╭─ Record excerpts

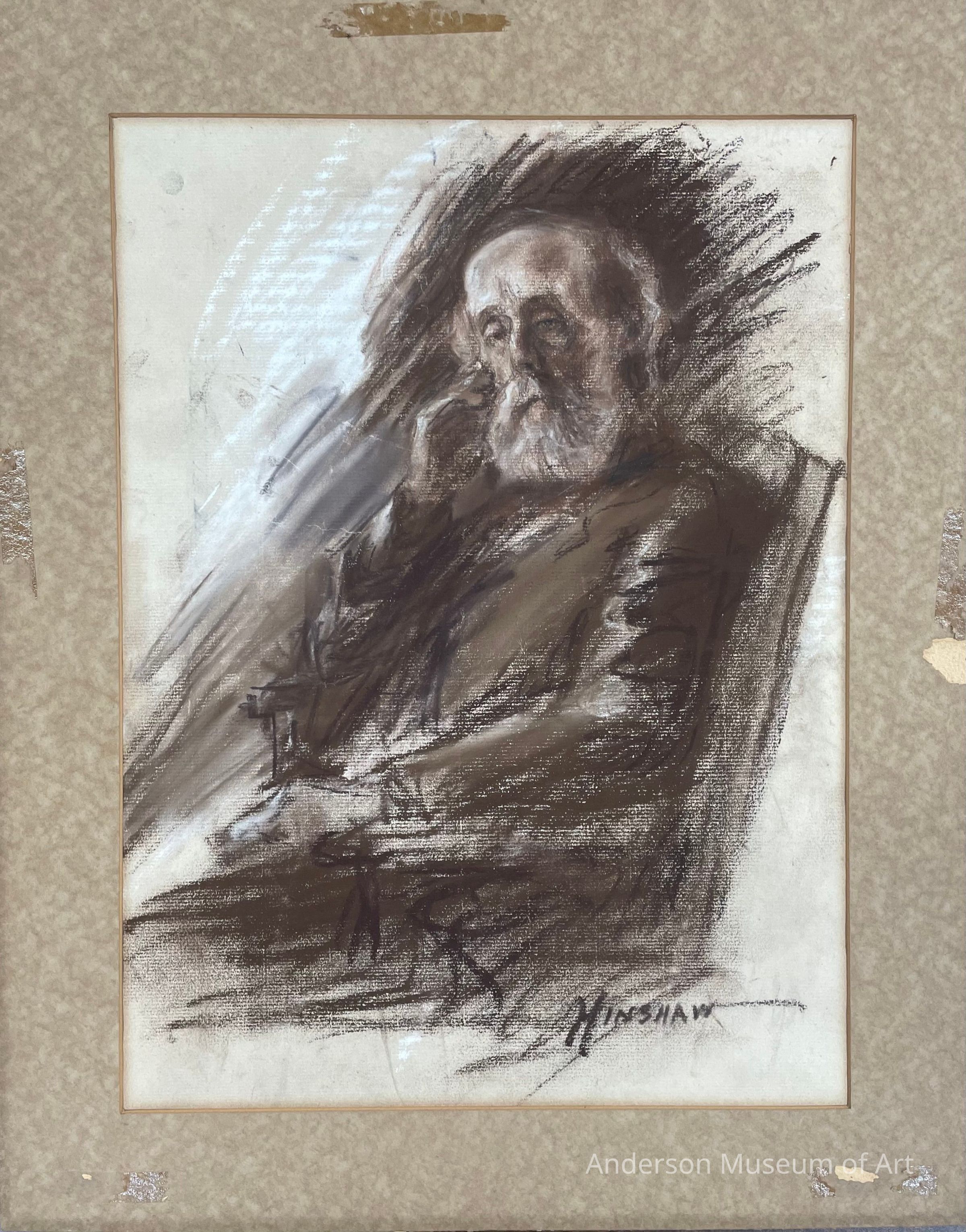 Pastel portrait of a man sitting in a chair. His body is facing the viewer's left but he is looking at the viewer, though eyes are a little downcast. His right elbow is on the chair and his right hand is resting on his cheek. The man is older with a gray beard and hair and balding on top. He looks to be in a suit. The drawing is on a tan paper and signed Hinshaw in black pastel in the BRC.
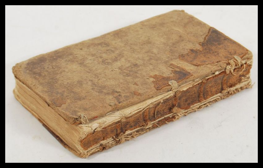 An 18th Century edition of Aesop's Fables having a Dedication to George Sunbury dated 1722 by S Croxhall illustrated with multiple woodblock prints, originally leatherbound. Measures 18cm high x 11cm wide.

╰─
╭─ Record excerpts

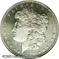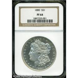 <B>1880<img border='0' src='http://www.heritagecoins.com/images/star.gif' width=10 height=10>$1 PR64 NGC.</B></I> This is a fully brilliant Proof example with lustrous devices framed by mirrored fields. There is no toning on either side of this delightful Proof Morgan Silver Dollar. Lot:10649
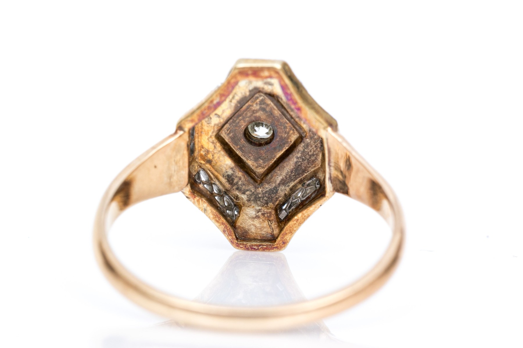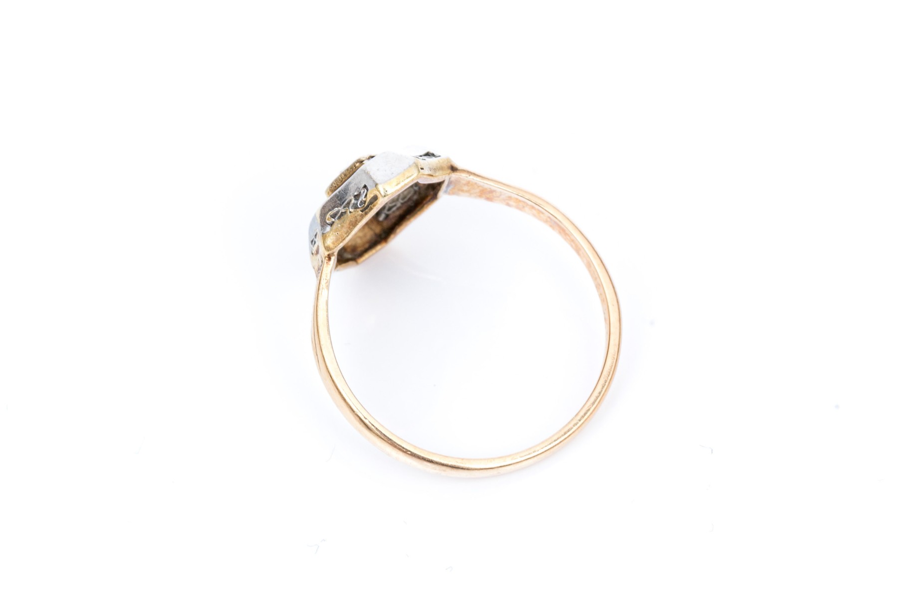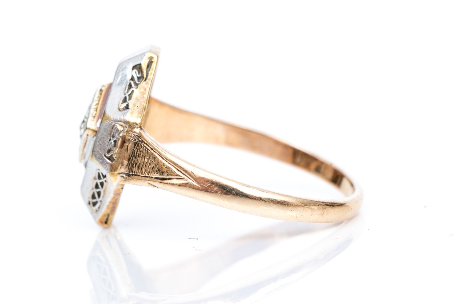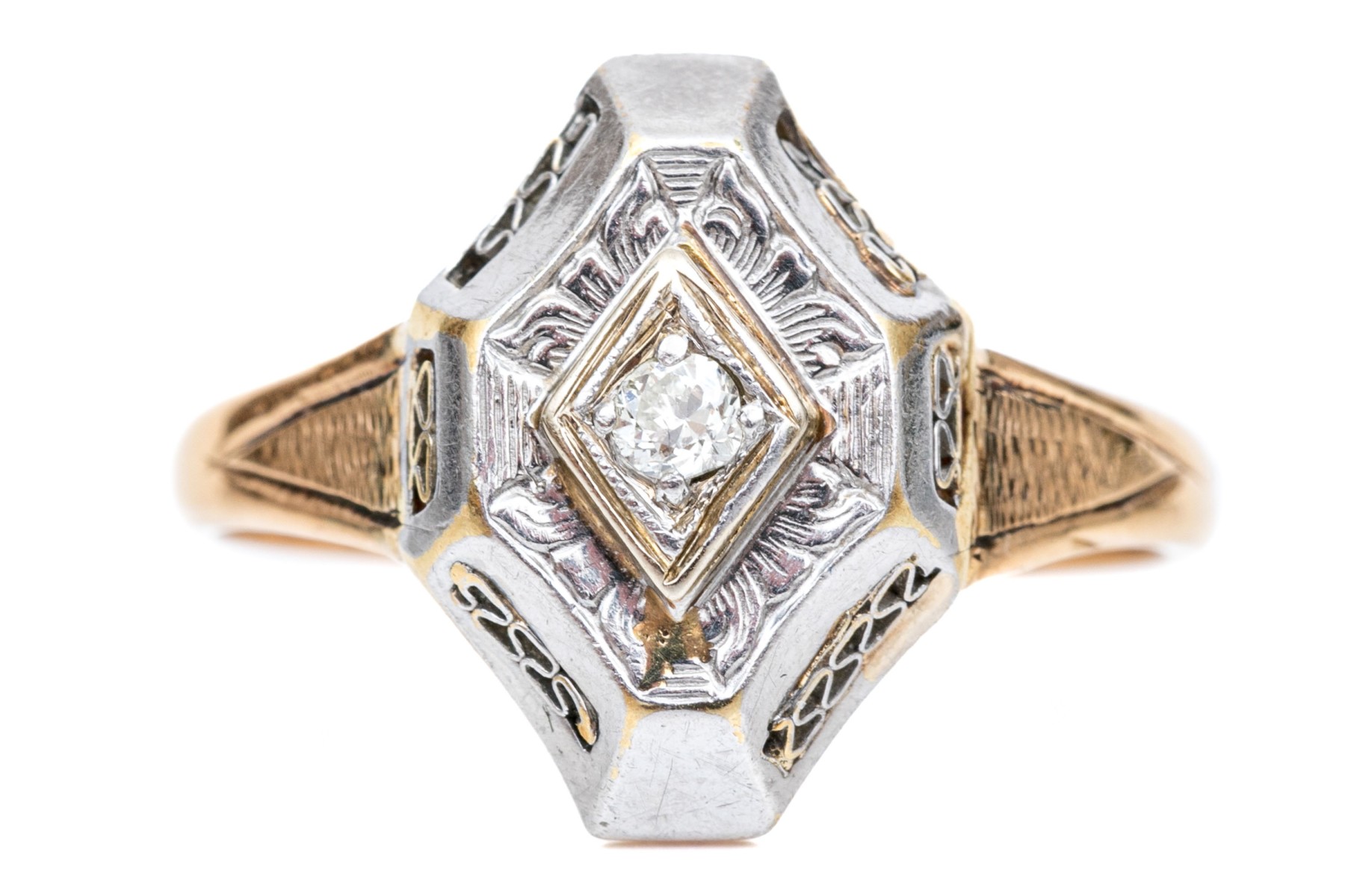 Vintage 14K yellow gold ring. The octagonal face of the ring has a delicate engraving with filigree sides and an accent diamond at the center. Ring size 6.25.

╰─

● **What you will do**: Copy only what runs above from the line containing "Pastel portrait of" through the line containing "An 18th Century", exactly. Leave out the pictures.

● **Completed exercise**:
 Pastel portrait of a man sitting in a chair. His body is facing the viewer's left but he is looking at the viewer, though eyes are a little downcast. His right elbow is on the chair and his right hand is resting on his cheek. The man is older with a gray beard and hair and balding on top. He looks to be in a suit. The drawing is on a tan paper and signed Hinshaw in black pastel in the BRC.
 An 18th Century edition of Aesop's Fables having a Dedication to George Sunbury dated 1722 by S Croxhall illustrated with multiple woodblock prints, originally leatherbound. Measures 18cm high x 11cm wide.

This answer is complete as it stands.